At our Zion, we held a media exhibition. Each day, people streamed in—curious, eager to learn about the Church of God—and witnessing their realization and joy brought me quiet happiness. I had been assigned to help manage the exhibit, a task I initially assumed would be simple. After all, the materials weren’t going anywhere. As summer unfolded, things grew more complicated. The rainy season brought thick humidity, which began to affect the books and items on display. The brothers and sisters overseeing the exhibition became increasingly busy checking the lighting, adjusting dehumidifiers, tending to each detail with quiet diligence. Watching their care stirred a reflection in me: perhaps faith, too—though it may appear firm and unshakable on the surface—is quietly upheld by such unseen, devoted attention.
“But I have prayed for you, that your faith may not fail.” Lk 22:32
In that moment, I realized: the reason I’ve been able to keep my faith all this time is not because of my strength, but because of the prayers of love offered for me by Heavenly Father and Mother.

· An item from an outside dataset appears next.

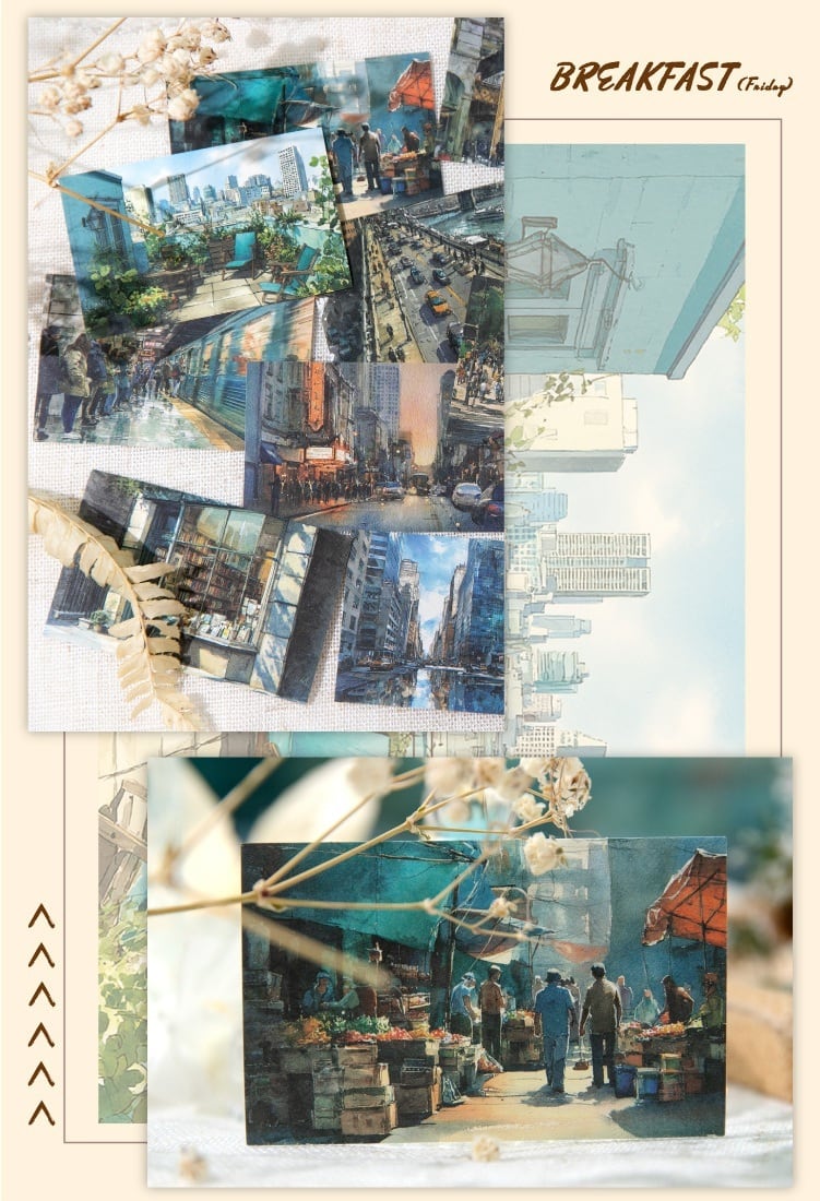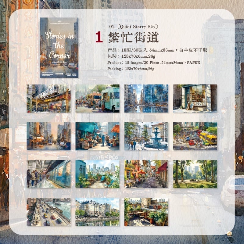 心惹かれる街角の風景を切り取ったシールです。まるで映画のワンシーンのようなノスタルジックで美しいイラストが特徴。柔らかな光が差し込む街並みなど、一つひとつのデザインに小さな物語が宿っています。コラージュの背景紙や、アクセントとしてお楽しみいただけます。

The thought that Heavenly Mother lifted Her hands in prayer for me this early dawn, too, filled me with both gratitude and quiet remorse.
Now, I want to be different. I want to examine my faith and tend to it carefully, so that I no longer add to Heavenly Mother’s burdens. As She tirelessly seeks Her lost children, I will stand beside Her—in prayer, in preaching—striving to become a mature child of faith, one who brings joy and relief to Her loving heart.